Regulatory T lymphocytes (Treg) are one of the subpopulations of T lymphocytes that play a key role in maintaining peripheral tolerance, in preventing autoimmunity and in limiting chronic inflammatory diseases. However, Treg also limit beneficial immune responses by suppressing protective immunity against pathogenic microbes or immune response to tumors.
The vital role of the immune system is to protect the organism from pathogenic microbes and harmful substances. It has the ability to distinguish self vs. foreign antigens and not to react to antigens of its own cells and tissues. The key questions in immunology and medicine is how to maintain immune tolerance and how to control aberrant or excessive immune responses in autoimmune and chronic inflammatory diseases.
Nowadays, we know that Treg are actively involved in maintaining immune tolerance and homeostasis.
1. Discovery of Treg
The ability of T cells to suppress the immune response was first described in the 1970s, but it was not until the 1990s that Sakaguchi introduced the concept of regulatory T lymphocytes (Treg) and described their phenotype. Studies of Treg-specific molecular markers have shown that Treg are CD4+ T cells and constitutively express the alpha-chain of the interleukin-2 receptor (IL-2R), CD25. Removal of CD25+ CD4+ Treg resulted in the development of a spectrum of autoimmune diseases in experimental animals. This was a direct evidence that Treg maintained immune tolerance and that their dysfunction or deficiency could be a cause of autoimmune diseases. It was later discovered that Treg specifically expressed the transcription factor Foxp3. Treg has been shown to play a crucial role in human immune tolerance because mutations in the Foxp3 gene impair development/function of Treg and cause genetic diseases in humans called IPEX (immune dysregulation, polyendocrinopathy, enteropathy, X-linked syndrome), characterized by autoimmune diseases such as diabetes type 1 and thyroiditis, inflammatory bowel disease and allergies.
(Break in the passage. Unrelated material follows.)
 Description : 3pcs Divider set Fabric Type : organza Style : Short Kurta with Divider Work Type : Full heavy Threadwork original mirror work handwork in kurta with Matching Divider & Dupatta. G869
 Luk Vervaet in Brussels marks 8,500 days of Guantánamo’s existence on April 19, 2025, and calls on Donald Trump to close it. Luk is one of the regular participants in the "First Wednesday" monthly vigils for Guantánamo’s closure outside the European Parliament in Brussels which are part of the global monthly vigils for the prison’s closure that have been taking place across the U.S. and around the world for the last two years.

These studies provided solid evidence that Foxp3+ CD25+ CD4+ Treg are indispensable for establishing and maintaining immune tolerance and preventing autoimmunity.
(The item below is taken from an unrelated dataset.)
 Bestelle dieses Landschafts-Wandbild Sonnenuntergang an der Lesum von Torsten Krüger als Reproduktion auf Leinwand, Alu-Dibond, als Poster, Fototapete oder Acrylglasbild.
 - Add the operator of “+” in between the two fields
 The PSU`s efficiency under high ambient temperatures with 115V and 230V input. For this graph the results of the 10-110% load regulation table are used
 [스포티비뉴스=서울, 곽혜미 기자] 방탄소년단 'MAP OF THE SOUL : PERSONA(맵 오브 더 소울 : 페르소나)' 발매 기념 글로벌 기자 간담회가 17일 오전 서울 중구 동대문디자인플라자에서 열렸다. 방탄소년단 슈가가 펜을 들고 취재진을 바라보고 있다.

Nowadays Treg cells have clinical use and are used for treatment and prevention in autoimmune diseases, tumors, organ transplantation and allergies.
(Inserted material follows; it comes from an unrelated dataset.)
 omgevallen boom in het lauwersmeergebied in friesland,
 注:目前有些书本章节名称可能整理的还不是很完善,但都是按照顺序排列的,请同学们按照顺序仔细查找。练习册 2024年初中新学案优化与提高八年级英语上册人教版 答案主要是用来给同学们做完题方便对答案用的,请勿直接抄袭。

2. Foxp3: the main regulator of Treg
Stable Foxp3 expression is the dominant regulatory factor for Treg development and function. The key role of Foxp3 in regulating immune tolerance has been demonstrated by the development of lethal autoimmunity in Foxp3 deficiency in “scurfy” mice. Mutations in the Foxp3 gene are the cause of IPEX disease in humans, which is characterized by widespread autoimmunity in multiple organs, and most patients die before the age of three, unless treated with a bone marrow transplant. More than 75 different mutations of the Foxp3 gene have been defined in patients with IPEX. Most patients with IPEX do not have Treg cells or there is a significant impairment of their function.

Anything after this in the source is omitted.